Apple's first foldable phone is still unofficial, but the latest dummy-unit photos make the project feel less theoretical. Tom's Guide reported on new images attributed to Sonny Dickson that show a book-style device with a wide inner canvas, a narrow outer display, a visible central crease, and a camera placement that looks closer to a working hardware plan than a fan render.
The important detail is not just that Apple may be building a foldable. The more useful clue is proportion. A wider opened shape would let Apple avoid one of the biggest complaints around early book-style foldables: they can become tall, awkward mini-tablets instead of comfortable reading, browsing, and productivity devices. If the photos are close to Apple's current target, the company appears to be aiming for a device that opens into something closer to a small iPad than a stretched iPhone screen.
What the dummy points toward
Dummy models usually come from case makers, accessory partners, or supply-chain measurements. They do not confirm final materials, software, hinge design, battery capacity, or naming.

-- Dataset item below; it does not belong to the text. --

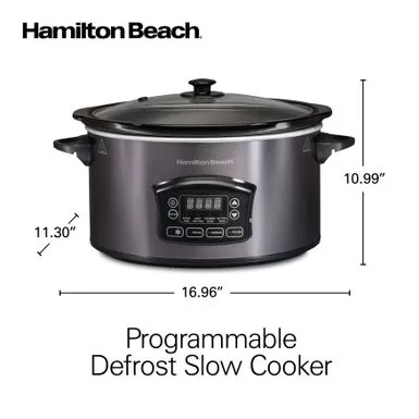 Turn your frozen food into a delicious slow-cooked meal. No more worrying that you forgot to defrost the meat ahead of time! Turn your frozen food into a delicious slow-cooked meal. No more worrying that you forgot to defrost the meat ahead of time! The Hamilton Beach Programmable Defrost Slow Cooker makes life easier by safely defrosting frozen meat and cooking it to perfection in one appliance. It has a customized temperature profile that knows how to defrost and cook to USDA food safety guidelines without overcooking. It’s easy to use, too. Simply add frozen meat and other ingredients to the slow cooker, press defrost and set your cooking temperature and time. When your food is ready, the slow cooker automatically switches to warm. The Hamilton Beach Programmable Defrost Slow Cooker also includes a temperature probe that lets you cook large cuts of meat to your desired temperature, then automatically switches to warm when food is ready. You can also cook the traditional way with this slow cooker’s program and manual modes, which let you set the timer from 30 minutes to 24 hours on high, low, or warm or select a temperature without setting a time. Includes 6 quart removable stoneware crock, glass lid and temperature probe.

Still, they are useful because the external geometry needs to be realistic enough for accessory work. Camera cutouts, hinge radius, button positions, and screen proportions are hard to fake if multiple physical samples line up with the same story.
| Leak clue | Possible reading | Buyer impact |
|---|---|---|
| Wide inner display | Apple may prioritize tablet-like use after opening. | Better web, notes, maps, and multitasking comfort. |
| Visible central crease | The hinge problem is not magically gone yet. | Users should expect a foldable compromise. |
| Simple rear camera zone | Design may be tuned for thinness and weight first. | Camera ambitions could be balanced against portability. |
| Ultra-style rumor name | Apple could position the device above Pro models. | Pricing may sit well above normal flagship phones. |
Apple has a reason to move cautiously. Foldables are no longer experimental, but they are still risky for a company that sells hardware on reliability, serviceability, battery life, and long software support. A foldable iPhone would put Apple into a category where the screen is the hinge, the hinge is the frame, and durability is part of the daily user experience. That is a different challenge from making a thinner slab phone.
The rumored timing matters as well. A late-2026 or later launch would put Apple into a market where Samsung, Motorola, Honor, Xiaomi, Oppo, and others have already spent years learning what buyers tolerate. Apple does not need to be first. It needs to make the first iPhone foldable feel ordinary enough to trust and premium enough to justify the price.
If Apple uses the foldable as an iPhone-iPad bridge, iPhone software will be as important as the hardware. The device would need clean app scaling, strong split-screen behavior, smooth keyboard transitions, and camera workflows that feel natural whether the phone is closed, half-open, or flat. A wider inner screen only pays off if the operating system treats that space as a real work surface.
For now, the leak should be read as a physical design signal rather than a launch promise. The dummy photos suggest Apple is testing a shape that solves a real foldable problem, but they do not settle the harder questions around durability, battery life, and price. Those are the details that will decide whether the first foldable iPhone becomes a niche luxury device or the start of a new iPhone tier.